Discrimination-aware Channel Pruning for Deep Neural Networks
This work addresses the challenge of model compression for deep learning practitioners by improving pruning efficiency and accuracy, though it is incremental as it builds on existing pruning strategies.
The paper tackles the problem of channel pruning in deep neural networks by introducing a discrimination-aware method that selects channels based on discriminative power and reconstruction error, resulting in a pruned ResNet-50 with 30% channel reduction that outperforms the original model by 0.39% in top-1 accuracy on ILSVRC-12.

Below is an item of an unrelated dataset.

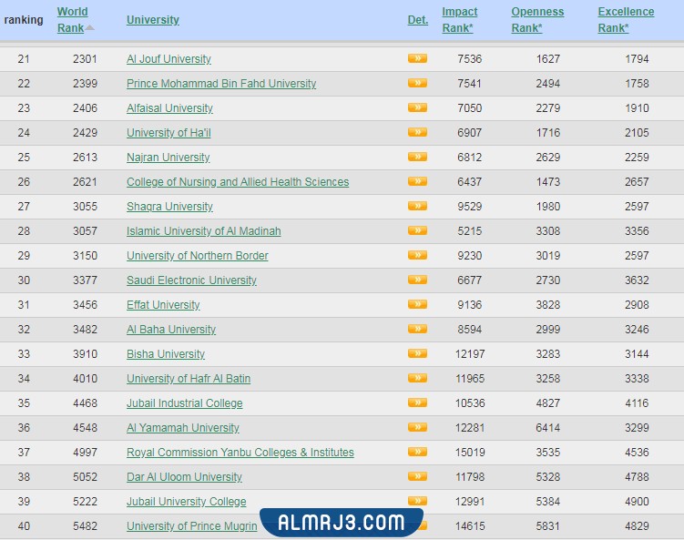 لا يوجد جامعة لها رقم ثابت ومحدد في التصنيفات العالمية أو حتى المحلية؛ فالرقم يختلف على حسب وجه المقارنة ووفقًا لعدد كبير من المعايير الأخرى، وفيما يلي نوضح ترتيب الجامعات السعودية 2025 حسب الأفضلية وفقًا لمقياس ويبوميتركس الإسباني:
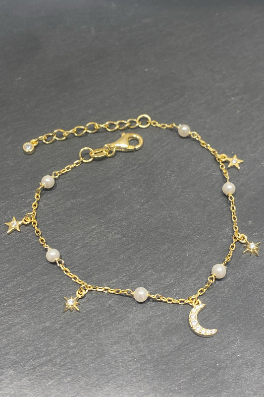 İnci Detay Yıldız Kutupyıldızı Ay Gümüş Bileklik

Channel pruning is one of the predominant approaches for deep model compression. Existing pruning methods either train from scratch with sparsity constraints on channels, or minimize the reconstruction error between the pre-trained feature maps and the compressed ones. Both strategies suffer from some limitations: the former kind is computationally expensive and difficult to converge, whilst the latter kind optimizes the reconstruction error but ignores the discriminative power of channels. To overcome these drawbacks, we investigate a simple-yet-effective method, called discrimination-aware channel pruning, to choose those channels that really contribute to discriminative power. To this end, we introduce additional losses into the network to increase the discriminative power of intermediate layers and then select the most discriminative channels for each layer by considering the additional loss and the reconstruction error. Last, we propose a greedy algorithm to conduct channel selection and parameter optimization in an iterative way. Extensive experiments demonstrate the effectiveness of our method. For example, on ILSVRC-12, our pruned ResNet-50 with 30% reduction of channels even outperforms the original model by 0.39% in top-1 accuracy.